Transfer learning can mine domain invariant essential features and structures between two different but interrelated domains, which enables supervised information such as labeled data to be migrated and reused between domains. 7 Recently, transfer learning methods have been increasingly used in rotating machinery fault diagnosis. 8 Shao et al. 9 used a pre-trained network and fine-tune strategy to achieve fast and accurate fault state classification. He et al. 10 proposed a deep transfer auto-encoder for fault diagnosis of small samples under different working conditions. However, these methods still require the labels of the target domain.
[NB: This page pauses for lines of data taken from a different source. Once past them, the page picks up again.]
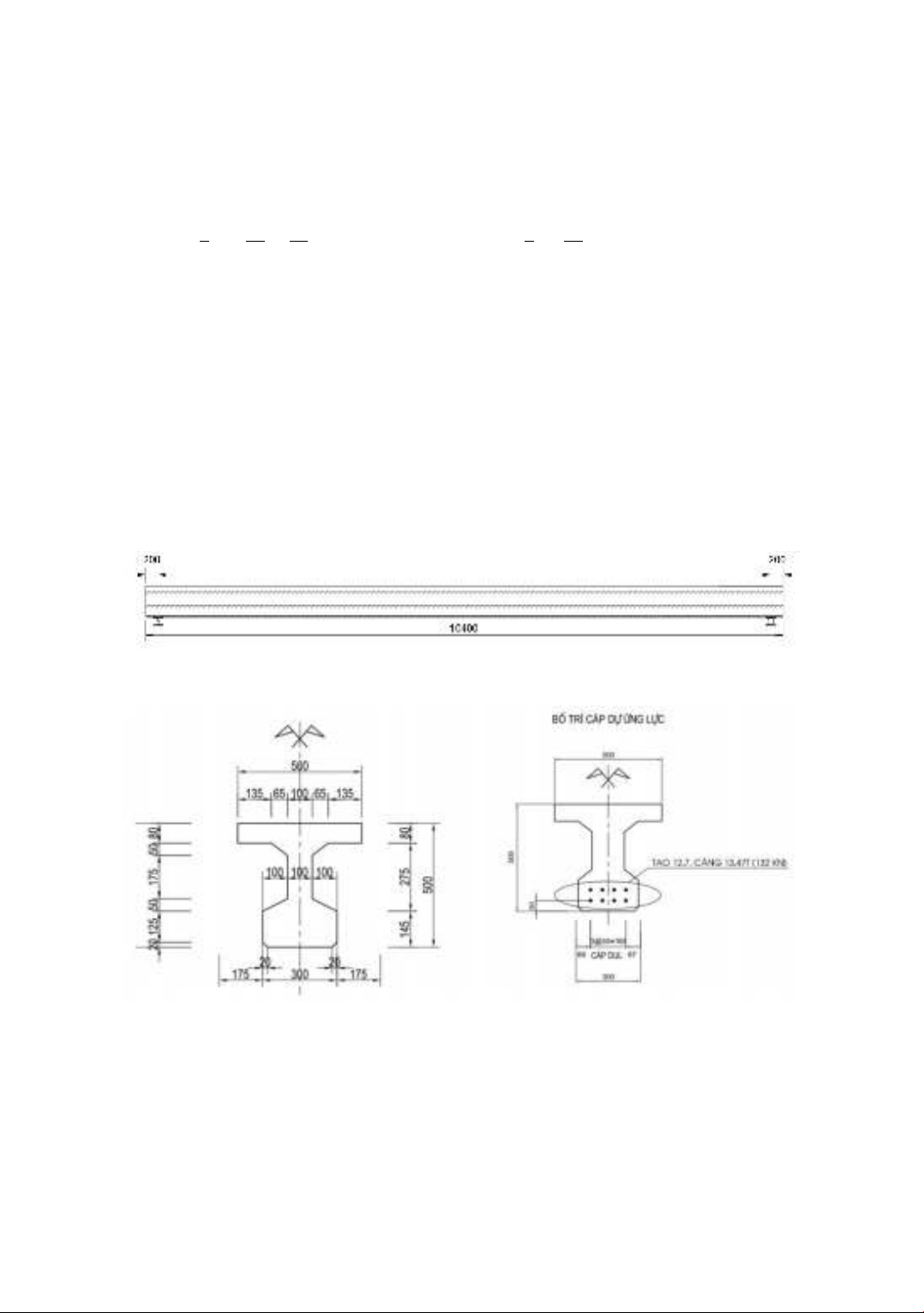10 m, tiết diện chữ T và với các kích thước, bố trí cốt thép UST và cốt thép thường thể hiện trên các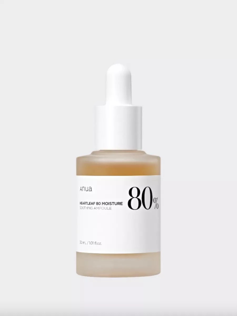 Anua Heartleaf 80% Moisture Soothing Ampoule, a soothing serum with Houttuynia cordata, moisturizes, soothes, and helps combat dehydration.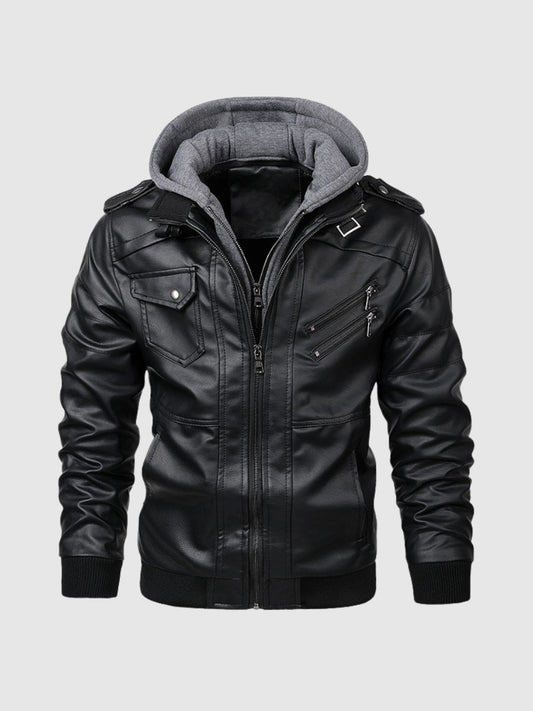 Men’s Faux Leather Jacket | Hooded Bomber Style | Lined for Cold Weather

Domain adaptation is a representative method in transfer learning that learns domain-invariant features without using target labels to bridge source domain and target domain. 11 Because deep networks could learn more transferable features, embedding domain adaptation method into deep learning can better match the distributions across domains.12,13 Minimizing domain distribution discrepancy is the most popular approach in cross-domain fault diagnostics and the maximum mean discrepancy (MMD) is commonly used as a metric.14,15 Li et al. 16 proposed a domain adaptation architecture and minimized multi-kernel MMD between two domains to realize cross-domain fault diagnosis. Wen et al. 17 also used MMD with a three-layer sparse auto-encoder for bearing fault diagnosis. Zhang et al. 18 used a domain adaptive convolutional neural networks, which combined MMD and fine-tune strategy for fault diagnosis under different working conditions.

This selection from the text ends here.